None of the filing person or persons specified pursuant to General Instruction C was a party
to any judicial or administrative proceeding during the past five years (except for matters that
were dismissed without sanction or settlement) that resulted in a judgment, decree or final order
enjoining them from future violations of, or prohibiting activities subject to, federal or state
securities laws, or a finding of any violation of federal or state securities laws.
Each of the persons specified pursuant to Instruction C that is a natural person is a citizen
of the United States.
ITEM 4. TERMS OF THE TRANSACTION
(a) Material Terms. The information set forth in the Prospectus and Consent Solicitation
Statement in the sections entitled Questions and Answers About the Exchange Offer and the Consent
Solicitation, Summary, The Exchange Offer and the Consent Solicitation, Description of
Preferred Stock, Description of Depositary Shares, Comparison of Rights Between the Normal ITS
and the Depositary Shares and Material U.S. Federal Income Tax Consequences is incorporated
herein by reference.
(b) Purchases The information set forth in the Prospectus and Consent Solicitation Statement
in the section entitled The Exchange Offer and the Consent SolicitationSecurity Ownership is
incorporated herein by reference.
ITEM 5. PAST CONTACTS, TRANSACTIONS, NEGOTIATIONS AND AGREEMENTS
(a) Transactions. The information set forth in the Companys Proxy Statement filed on March
12, 2010 in the section entitled Certain Relationships and Related Transactions is incorporated
herein by reference.
(b) Significant Corporate Events. Not applicable.
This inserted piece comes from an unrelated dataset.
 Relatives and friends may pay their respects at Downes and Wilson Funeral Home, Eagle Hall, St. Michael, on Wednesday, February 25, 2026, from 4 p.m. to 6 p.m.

(e) Agreements Involving the Subject Companys Securities.
The Company has entered into the following agreements with respect to the Normal ITS: Amended
and Restated Trust Agreement of USB Capital IX, among the Company as Sponsor, Wilmington Trust
Company as Property Trustee and Delaware Trustee, the Administrative Trustees and the several
holders of the Trust Securities, dated as of March 17, 2006, (filed as Exhibit 4.11 to the
Companys Registration Statement on Form S-4 filed on May 10, 2010 (SEC File No. 333-166706)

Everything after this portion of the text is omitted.